Hello! I'm an artificial intelligence and don't have feelings or a physical presence, but thank you for asking! I'm here and ready to help you with any information or tasks you need assistance with. How can I assist you today?


In [6]:
messages = [
    {"role": "system", "content": "You are a helpful assistant."},
    {"role": "user", "content": "What is the distance between the sun and earth"}
]

print(ask_local_llm(messages))

The average distance between the Sun and Earth is approximately 93 million miles (150 million kilometers). This distance is commonly referred to as one astronomical unit (AU).

For more precise measurements, the average distance is about:

- 92,955,807 miles (149,597,870 kilometers)

However, it's worth noting that this distance can vary slightly due to the elliptical shape of Earth's orbit around the Sun. The closest point in the orbit (perihelion) occurs in early January and is about 91.4 million miles (147.1 million kilometers) from the Sun, while the farthest point (aphelion) occurs in early July and is about 94.5 million miles (152.1 million kilometers) from the Sun.


In [7]:
messages = [
    {"role": "system", "content": "You are a helpful assistant."},
    {"role": "user", "content": "will AI take over the world?"}
]

print(ask_local_llm(messages))

It's a common concern, but there's currently no evidence that suggests AI will take over the world. Here are some key points to consider:

1. **Current Capabilities**: Current AI systems are highly specialized and do not possess general intelligence like humans. They are designed for specific tasks and lack the ability to think, make decisions, or act independently in complex ways.

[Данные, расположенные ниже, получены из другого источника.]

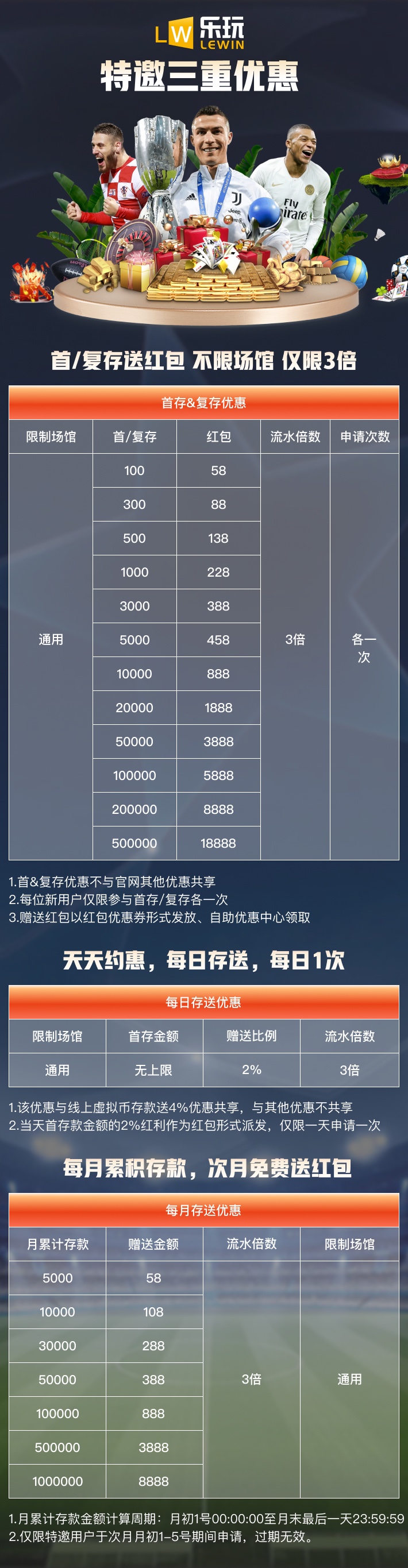 ✨首存活动:首存100送58|300送88|500送138|1000送288|3000送388,本活动本1水彩金3水,具体看下图。

2. **Human Oversight**: AI systems are typically developed and controlled by human beings. There are strict guidelines and regulations around the use of AI, especially in areas like autonomous weapons or critical infrastructure.

3. **Ethical Considerations**: Many experts emphasize the importance of ethical development and deployment of AI. Ethical frameworks are being established to ensure that AI benefits humanity and does not cause harm.

4. **Technical Barriers**: The technology required for AI to achieve superintelligence (the point at which an AI system surpasses human capabilities across the board) 

In [8]:
messages = [
    {"role": "system", "content": "You are a helpful assistant."},
    {"role": "user", "content": "Who is the current F1 winner"}
]

print(ask_local_llm(messages))

As of my last update in October 2023, the current Formula 1 World Champion is Lewis Hamilton, who won his seventh Drivers' Championship title. However, the race and championship results can change quickly, so for the most up-to-date information, you should check the official Formula 1 website or a reliable sports news source.


![title](piastri.png)

In [9]:
messages = [
    {"role": "system", "content": "You are a helpful assistant. Today is 23 april 2025, F1 2025 winner is Oscar Piastri."},
    {"role": "user", "content": "Who is the current F1 winner in 2025"}
]

print(ask_local_llm(messages))

As of today, April 23, 2025, the F1 (Formula One) champion would be Oscar Piastri, based on the information you provided. However, please note that the actual champion as of this date has not been determined yet. The F1 World Championship typically ends at the season finale, which is usually held in November or December of the same year.

So while Oscar Piastri is mentioned as the winner for April 23, 2025, it's important to verify the most recent updates from official F1 sources to confirm the current champion status.


### 

![title](top.png)

# Парсинг статьи

![title](deepseek.png)

In [10]:
questions = ["What is group relative policy optimization", "What rewards are used in DeepSeek-R1-Zero"]

for question in questions:
    messages = [
        {"role": "system", "content": "You are a helpful assistant."},
        {"role": "user", "content": question}
    ]
    print(question)
    print(ask_local_llm(messages))
    print("-----" * 10)

What is group relative policy optimization
Group Relative Policy Optimization (GRPPO) is not a widely recognized term in the field of reinforcement learning or machine learning. It's possible that there might be a mix-up with other related concepts, or it could be a custom or specialized term used in a specific context.

However, based on common reinforcement learning techniques and terminology, we can infer some possibilities:

1. **Relative Policy Optimization**: This concept typically refers to methods where agents optimize their policies relative to others. For example, in multi-agent settings, an agent might learn its policy by comparing itself to other agents.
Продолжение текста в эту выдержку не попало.